When the second wave of COVID-19 is threatening to wipe out large masses or render ineffective huge tracts of India’s economic landscape, there is not a sign or semblance of a financial assistance package
Where is the finance minister?
Last year, at around the same time, when COVID-19 was in its nascent stage and the nation under lockdown, the Central Government pompously announced a slew of economic measures of which only a few were of any worth to the people. Thousands of crores were supposedly at the disposal of suffering masses, bundled in slick packages. Book entries were passed off as real benefits.
This time around, when the virus is threatening to wipe out large masses or render ineffective huge tracts of our economic landscape, there is not a sign or semblance of a financial assistance package, required in great urgency, and in the hands of the people and industry, particularly the MSMEs.
A specious argument could be that the Centre’s hands were tied owing to the Election Commission guidelines vis-à-vis elections in four states Assam, West Bengal, Kerala and Tamil Nadu and the Union Territory of Puducherry. But then the rulers, from leader to cadre, had violated EC norms even more flagrantly during these elections that the aforesaid logic has no steam.
Also, a package could have been readied in the last few days and announced on the night or the next day of the final phase.
Alas, the delay betrays insensitivity on the part of the Central Government to people’s woes, a characteristic that has been on display from the days of demonetisation to the deadly disease dogging us every day.

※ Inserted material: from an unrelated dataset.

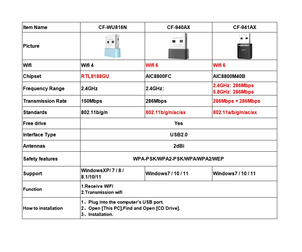 Mini Comfast Wifi 6 USB Adapter 2.4Ghz Wi Fi 4 Adaptador Driver Free Placa De Rede 150M 300M 600M Wireless Network Dongle for PC

Last year itself, the small and micro firms, self-employed, owner-driven or mini family businesses were the worst hit. Their importance has always been underestimated and ignored. Their number forms the invisible backbone of India’s economy and its much-flaunted numbers. They are the biggest employers, going about their businesses with meagre means and under perennial bureaucratic harassment. Their order books crashed, cash registers silenced, trained labour gone and their own survival came dark clouds. Most of them have not recovered and now comes the second wave of COVID-19 cases, burying hope deeper. This is a human tragedy too as livelihood sustains life. Starvation, shame and suicide are cousins of COVID-19 .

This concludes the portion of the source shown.